*What you are asked to do*: Could you repeat the entries below exactly, but only from the line with "ZEBRONICS BT909RUCF Tower" through the line with "Modular Office, Restaurant, Cafeteria, Lunch", and without any picture?

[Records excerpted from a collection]
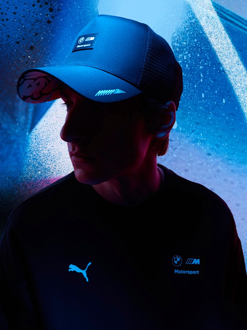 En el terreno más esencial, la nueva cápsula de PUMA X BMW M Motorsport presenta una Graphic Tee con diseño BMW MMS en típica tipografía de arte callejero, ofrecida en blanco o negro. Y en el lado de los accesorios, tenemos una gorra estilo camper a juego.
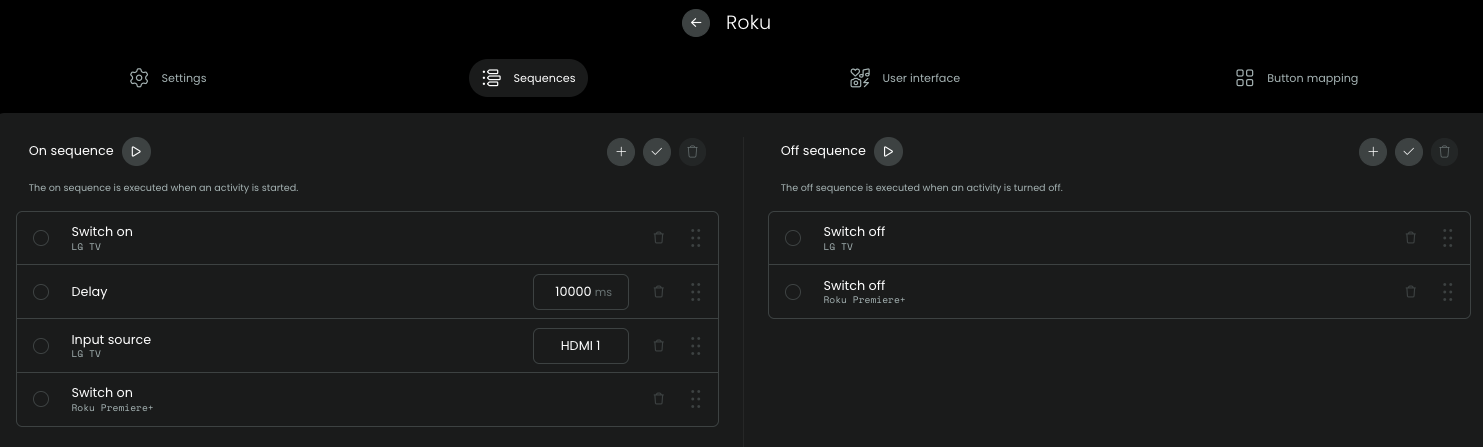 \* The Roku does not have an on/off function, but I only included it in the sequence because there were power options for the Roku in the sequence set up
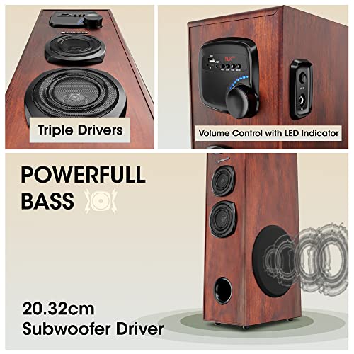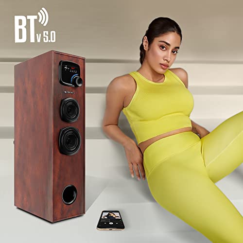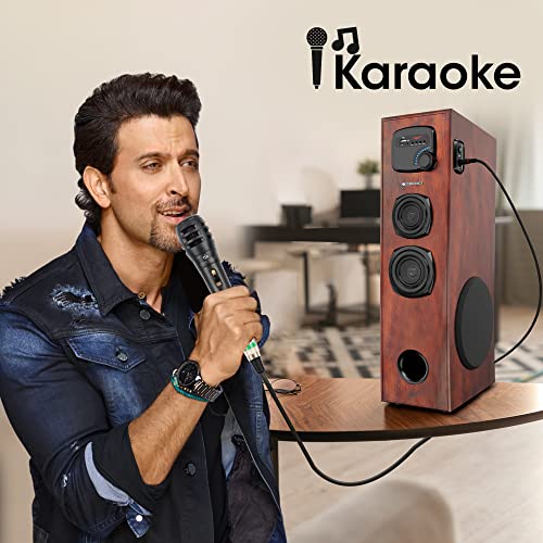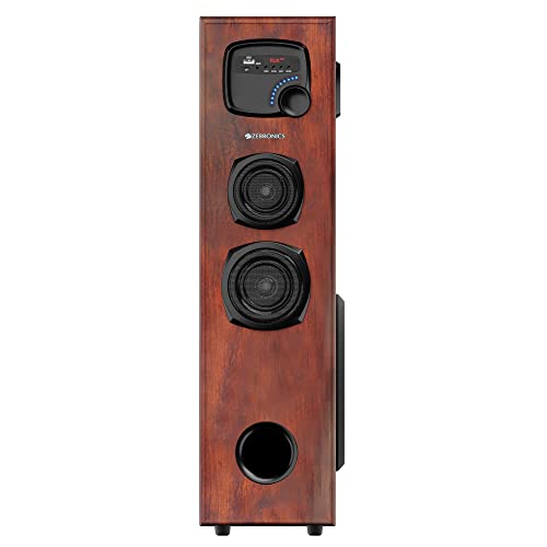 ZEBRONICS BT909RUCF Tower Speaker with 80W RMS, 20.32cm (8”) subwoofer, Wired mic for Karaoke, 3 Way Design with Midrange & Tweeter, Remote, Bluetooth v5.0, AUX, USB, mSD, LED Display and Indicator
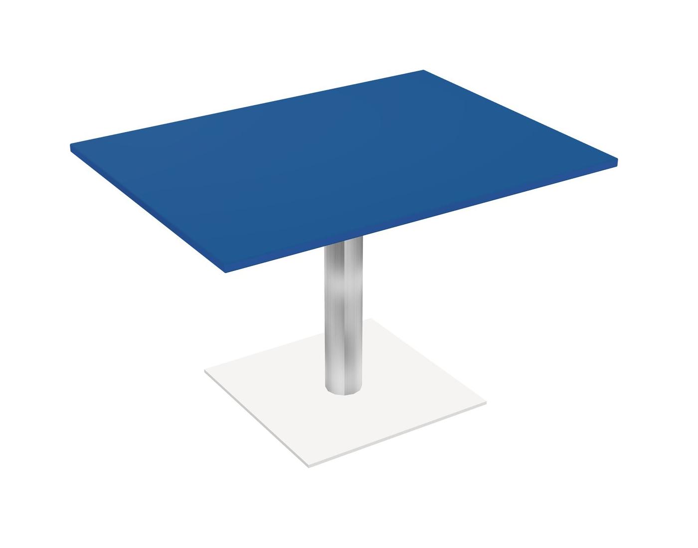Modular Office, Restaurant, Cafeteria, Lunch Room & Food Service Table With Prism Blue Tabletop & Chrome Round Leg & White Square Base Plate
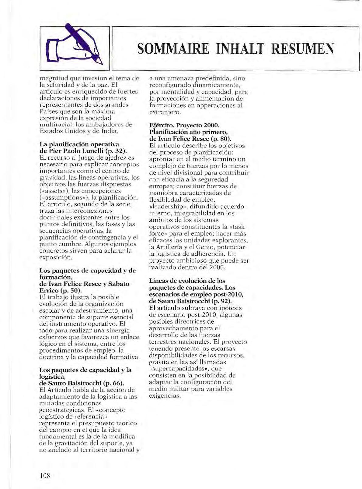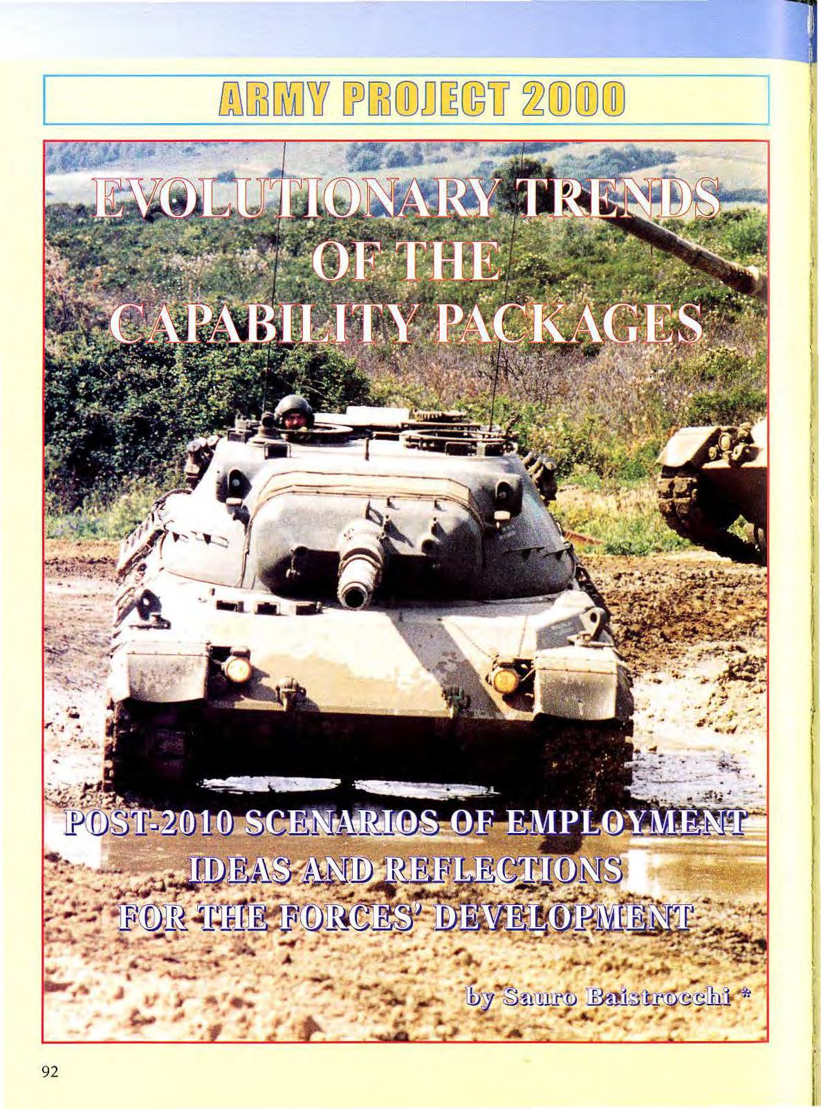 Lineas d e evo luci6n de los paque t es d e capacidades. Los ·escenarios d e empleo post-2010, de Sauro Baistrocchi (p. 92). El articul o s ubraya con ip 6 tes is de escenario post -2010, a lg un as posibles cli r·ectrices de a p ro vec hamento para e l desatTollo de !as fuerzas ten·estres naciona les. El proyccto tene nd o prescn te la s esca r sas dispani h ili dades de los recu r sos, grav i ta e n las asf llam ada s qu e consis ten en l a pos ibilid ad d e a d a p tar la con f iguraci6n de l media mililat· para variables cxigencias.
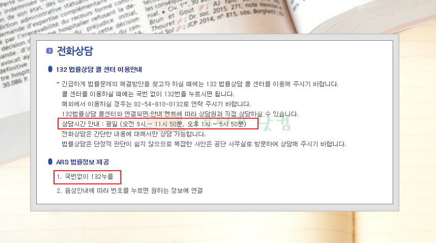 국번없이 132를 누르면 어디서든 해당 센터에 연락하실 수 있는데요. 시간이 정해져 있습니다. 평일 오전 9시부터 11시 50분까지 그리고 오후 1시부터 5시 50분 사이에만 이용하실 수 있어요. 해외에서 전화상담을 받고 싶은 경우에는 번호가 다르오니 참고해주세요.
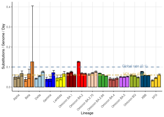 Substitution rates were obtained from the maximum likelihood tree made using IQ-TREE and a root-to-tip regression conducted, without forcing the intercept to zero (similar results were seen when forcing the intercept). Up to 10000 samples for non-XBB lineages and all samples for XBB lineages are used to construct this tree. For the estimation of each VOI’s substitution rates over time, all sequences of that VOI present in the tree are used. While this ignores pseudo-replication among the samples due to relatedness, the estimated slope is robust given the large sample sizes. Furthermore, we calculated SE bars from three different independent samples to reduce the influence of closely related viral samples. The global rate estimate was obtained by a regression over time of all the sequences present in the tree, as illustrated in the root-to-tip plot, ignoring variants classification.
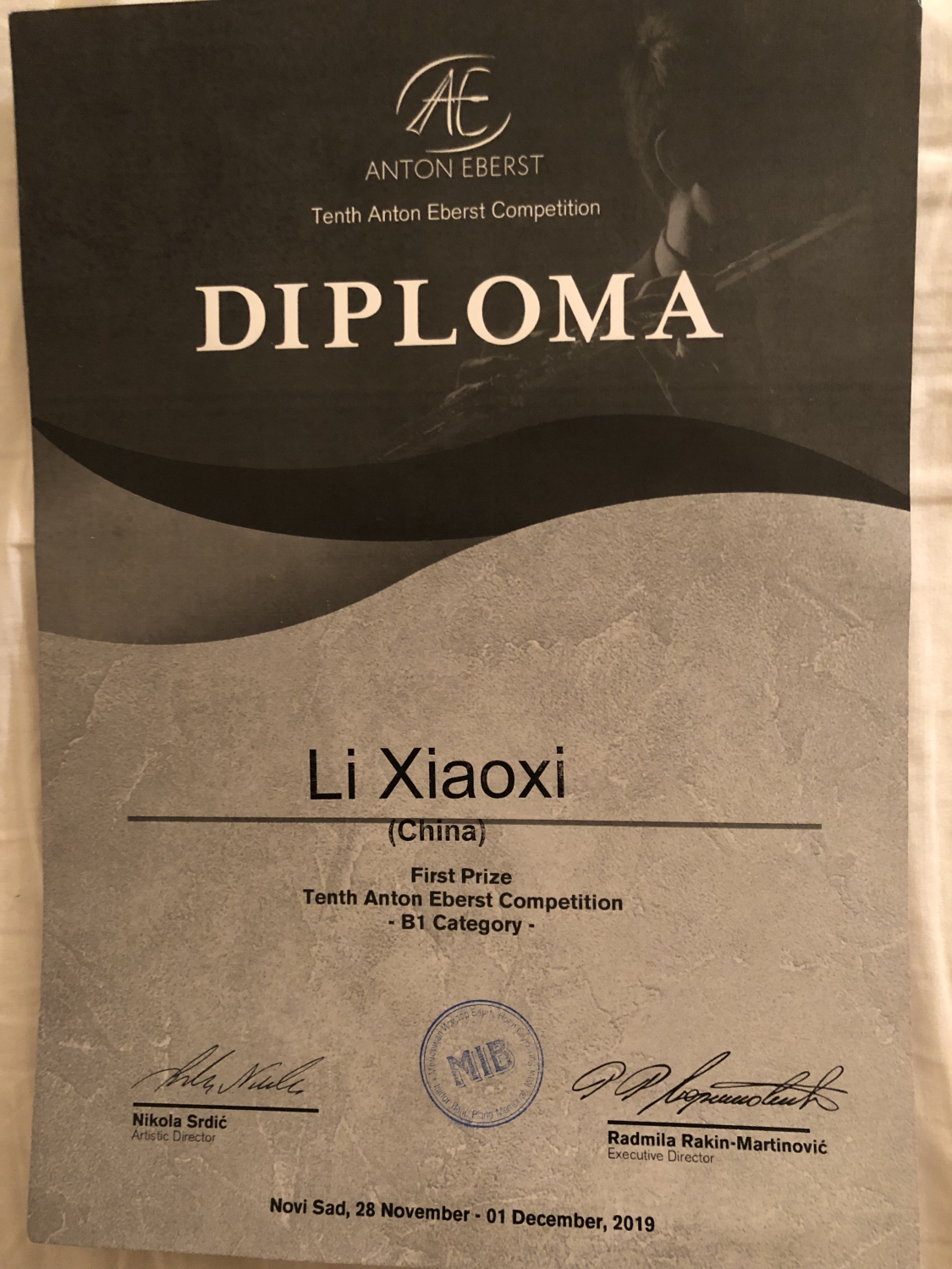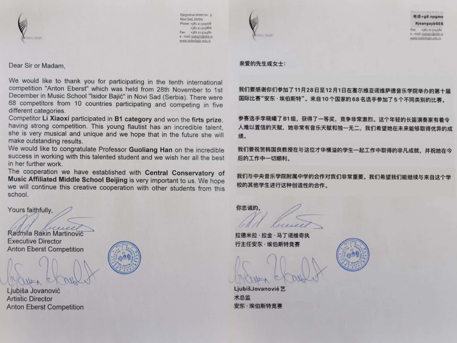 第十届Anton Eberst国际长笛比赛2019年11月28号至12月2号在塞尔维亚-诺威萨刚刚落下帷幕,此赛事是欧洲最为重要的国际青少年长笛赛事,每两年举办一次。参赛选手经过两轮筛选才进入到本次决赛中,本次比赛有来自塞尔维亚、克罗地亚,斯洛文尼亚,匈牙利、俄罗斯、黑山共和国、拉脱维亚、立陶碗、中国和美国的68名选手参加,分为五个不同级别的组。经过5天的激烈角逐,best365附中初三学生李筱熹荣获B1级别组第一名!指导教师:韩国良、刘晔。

*Answer to the problem*:
 ZEBRONICS BT909RUCF Tower Speaker with 80W RMS, 20.32cm (8”) subwoofer, Wired mic for Karaoke, 3 Way Design with Midrange & Tweeter, Remote, Bluetooth v5.0, AUX, USB, mSD, LED Display and Indicator
Modular Office, Restaurant, Cafeteria, Lunch Room & Food Service Table With Prism Blue Tabletop & Chrome Round Leg & White Square Base Plate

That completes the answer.